Молодая ведьма ругнулась, рожу скорчила, как курильщик, у которого ты опиум забрал. Пустилась было бежать, но быстро развернулась и криком потребовала своего младенца.
– Раз, – произнес я.
– Два.
Она рванула бегом.
– Три.
Я махнул топориком, посылая его, крутящийся, ей вослед. Она пробежала мимо четырех дверей, прежде чем услышала догоняющий шум. Обернулась, и топорик ударил ей в лицо. Она разом распласталась спиною на земле. Я подошел и вырвал топор из ее головы.
Миновав два проулка, я вышел на третий, где витал аромат. Аромат был нереальный, да и проулок – тоже. Улица для грешных, но глупых, улица, манившая людей войти в двери, из каких им обратно не выйти никогда. В общем, постучал в третью дверь у себя на пути, ту, из какой аромат доносился. Дверь открыла пожилая женщина, и я сказал, мол, чую, у вас молоко есть, и мне оно нужно. Она выпростала грудь, сильно сдавила ее и сказала: «Пей столько молока, сколько высосешь, огарочек». Прошел еще десять шагов, толстяк в белой агбаде открыл дверь на стук моего топорика. «Молока», – сказал я. Внутри не было внутреннего убранства, дом, у какого и крыши не было. Козы с овцами бегали по двору, мекая, бекая, жуя и какая, и я не стал спрашивать, зачем они ему. Я положил ребенка на стол.
– За ребенком вернусь обязательно, – сказал я.
– Чей голос в этом доме поведал, что ты можешь оставить его?
– Поите его козьим молоком.
– Ты мне мальчика-младенца оставляешь? Немало ведьм приходят, и немало ведьм ищут шкурку младенца. Что помешает мне пополнить мой кошель?
Толстяк потянулся к ребенку. Я отрубил ему руку. Он закричал, стал ругаться, завывать и орать на языке, какого я не знал. Я взял его руку.
– Руку я тебе верну через три оборота песочных часов. Если дитя пропадет, я использую твою собственную руку, чтобы найти тебя, и порублю тебя на кусочки. По кусочку в день.

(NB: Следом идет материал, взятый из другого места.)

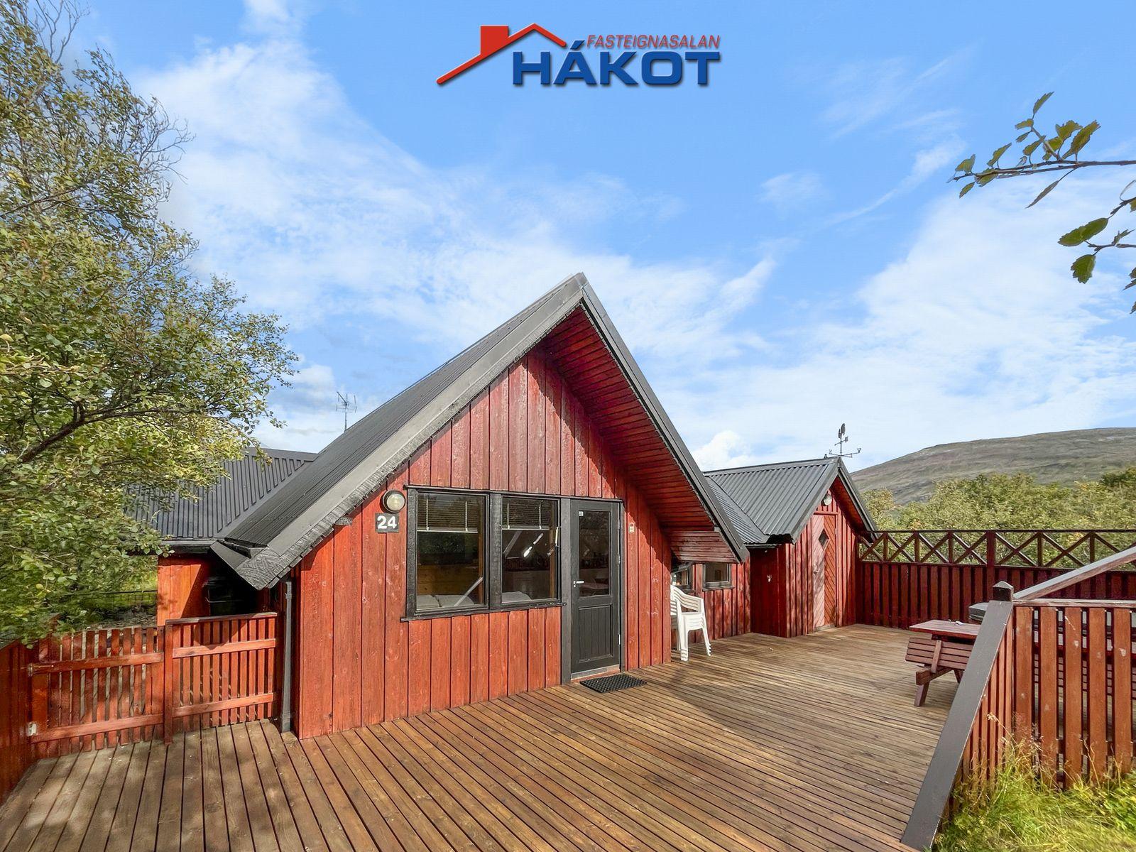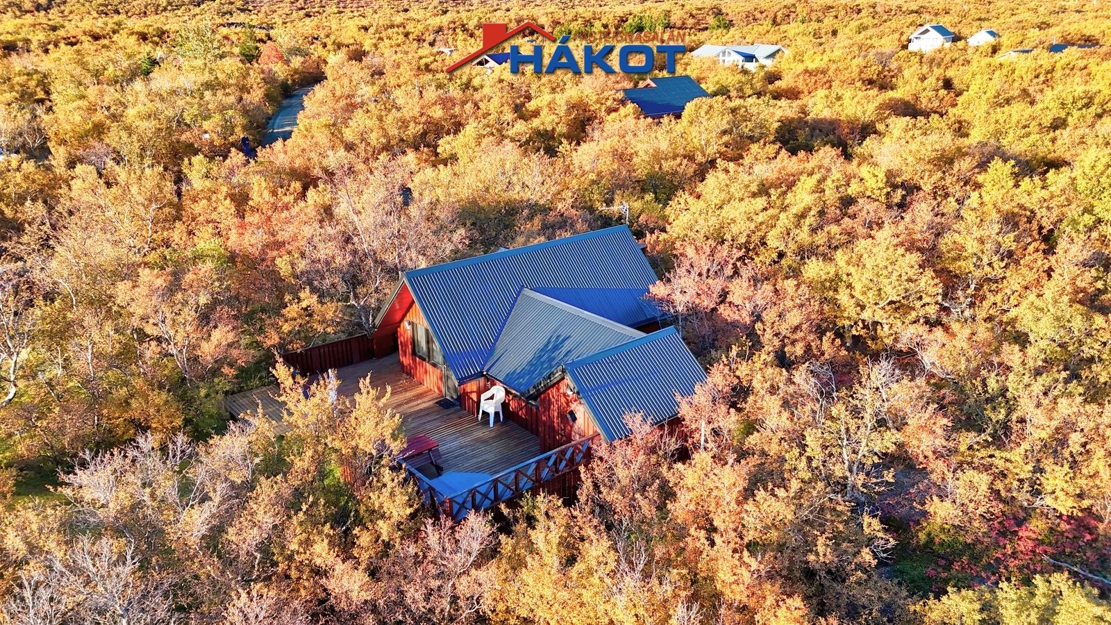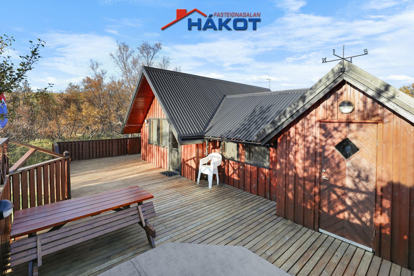 Annað: Bústaðurinn stækkaður 2014. Frístandandi gestahús byggt 2010. Panelklædd loft og niður á veggi. Innihurðar ljós viður. Stór verönd með heitum pott. Kynt með hitaveitu. Allt innbú fylgir bústaðnum (undanskilið persónulegir munir). Staðsett stutt frá sundlaug, hóteli og veitingarstað.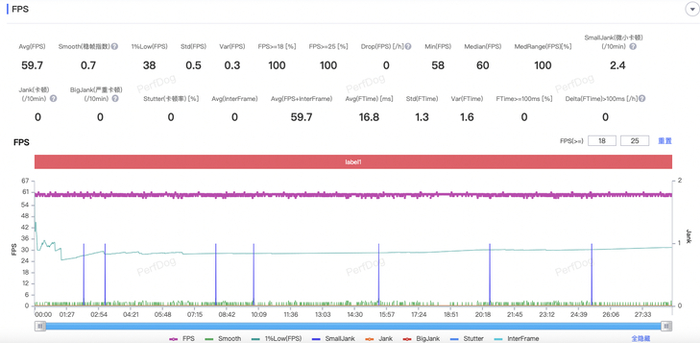 由于是插帧,因此在Perfdog中测出来的是游戏插帧前的原生帧率,实际游戏体验要比60帧模式更加丝滑,没有出现卡顿情况。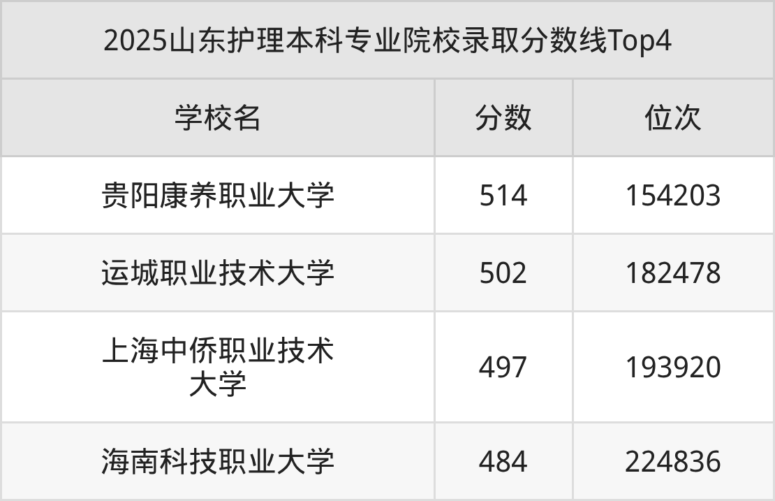 2025年山东护理本科专业招生院校有4所,分数最低的是海南科技职业大学(484分、位次224836名),分数最高的是贵阳康养职业大学(514分、位次154203名)。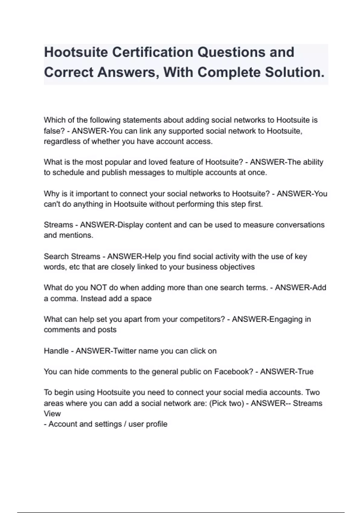Hootsuite Certification Questions and Correct Answers, With Complete Solution.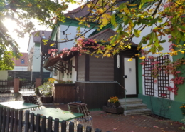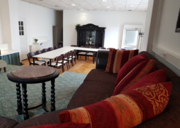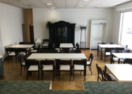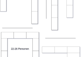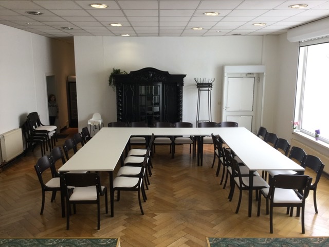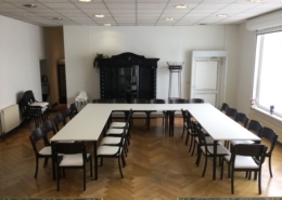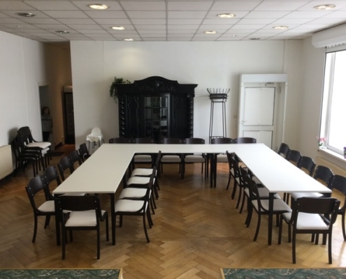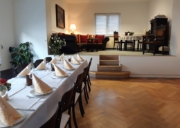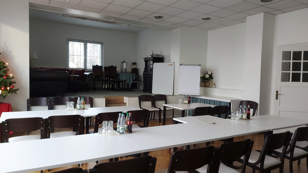 Der Raum (75 m2), ein ehemaliger Tanzsaal mit Bühne, ist für max. 30 Personen geeignet. Herrenzimmer-Möbelelemente schaffen ein ganz besonderes Ambiente.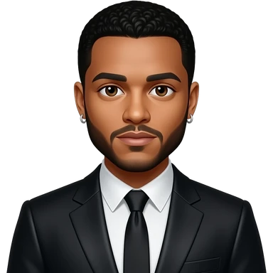The Weeknd with dark brown eyes, black medium afro hair, black metallic shirt, black metallic suit jacket, silver short earrings emoji
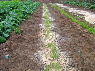 スジ巻きです。蒔き方は大根と同じです。
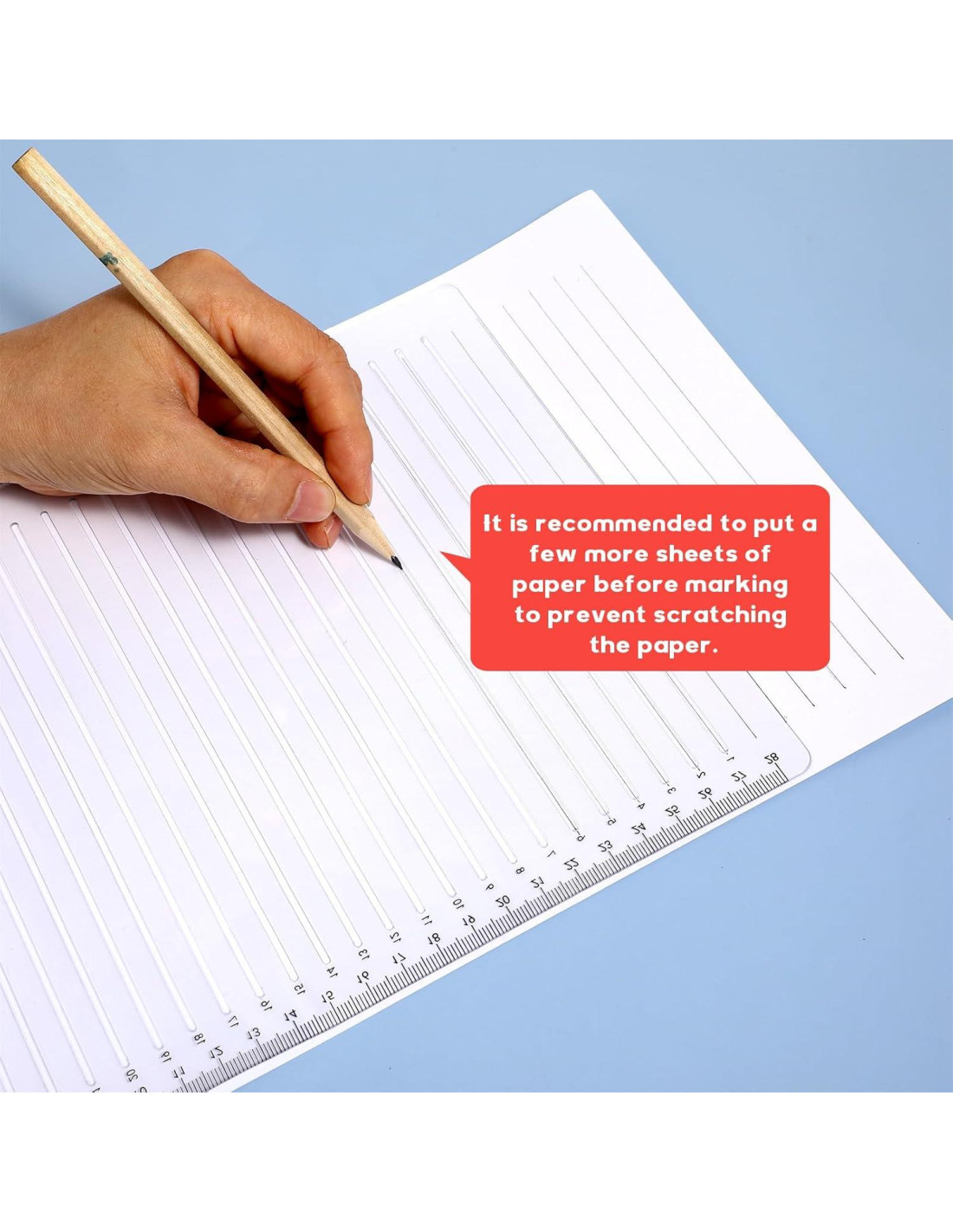 - Ayuda de escritura multifuncional: Plantilla de línea recta, perfecta para crear papel rayado, tarjetas de felicitación, álbumes de recortes y pautas de caligrafía. También la plantilla de línea funciona como una regla de medición (29.7 cm) e incluye patrones decorativos de diario en un extremo para proyectos creativos.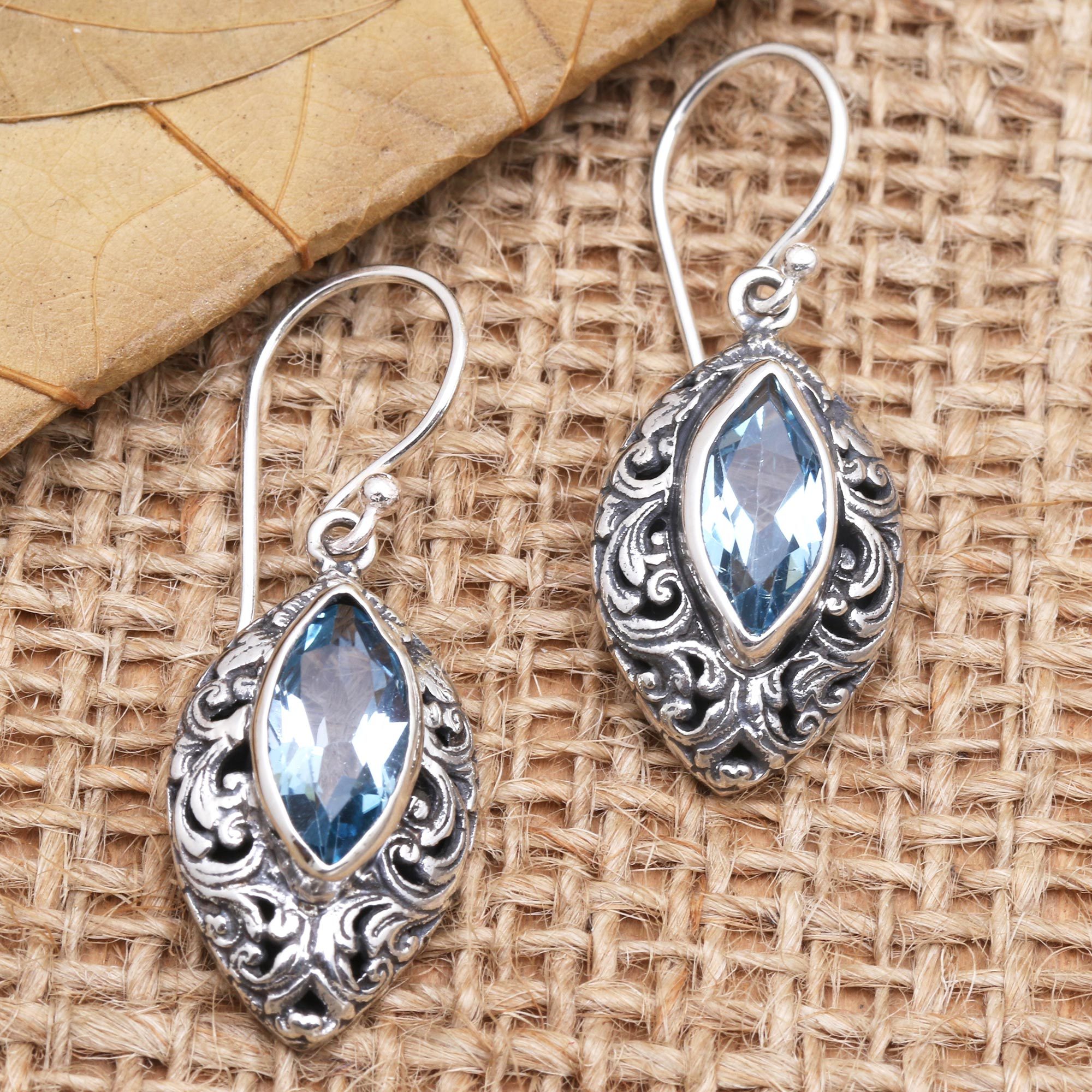 Bali's Ni Wayan Astiti designs a pair of earrings with simplicity and elegance. The artisan uses a faceted, marquise blue topaz gem to center each earring, nestling the stone in a bezel setting surrounded by oxidized sterling silver designs.

Полночная улица звалась так потому, что у начала ее стоял знак, помеченный: ПОЛНОЧЬ. Именно так всякий входящий и видел бы меня. На мне не было ничего, кроме белой глины от шеи до лодыжек, моих рук и ног. Еще помочи для топориков и ножны для ножей. Вокруг глаз моих до того черно было, что слабакам показалось бы, что на них скелет идет. Я обратился в ничто.
Десять и еще пять шагов, и воздух стал прохладнее и тяжелее. Из этого странного воздуха я вышел, потом опять пошел вперед, пока не почувствовал на лице капли кислой росы. Шепот заклинания выскользнул из моего рта, после чего я выждал. И еще выждал. За спиной что-то шустро побежало, я мигом выхватил ножи и, обернувшись, увидел убегавших крыс. Так что я подождал подольше. И уже начал было шагать дальше, когда надо мной в воздухе затрещало, заискрилось, потом вспыхнуло пламя, заметалось по кругу в размах моих рук – и погасло. В воздухе убавилось тяжести и кислоты, но дорога по виду была та же самая. Не одна из десяти и еще девяти дверей, а просто дверь. Семь ступеней до входа, пол исчез. Попытался отпрыгнуть назад, но упал, закрутился и воткнул ножи в землю рядом с собой. Под ногами – только воздух. Упаду и полечу, может, до центра мира или в яму с острыми кольями или змеями на дне. Подтянувшись, я поднялся, назад отбежал, рванул к краю, пролетел над площадкой и шлепнулся боком, вонзая в землю ножи, чтобы не упасть снова.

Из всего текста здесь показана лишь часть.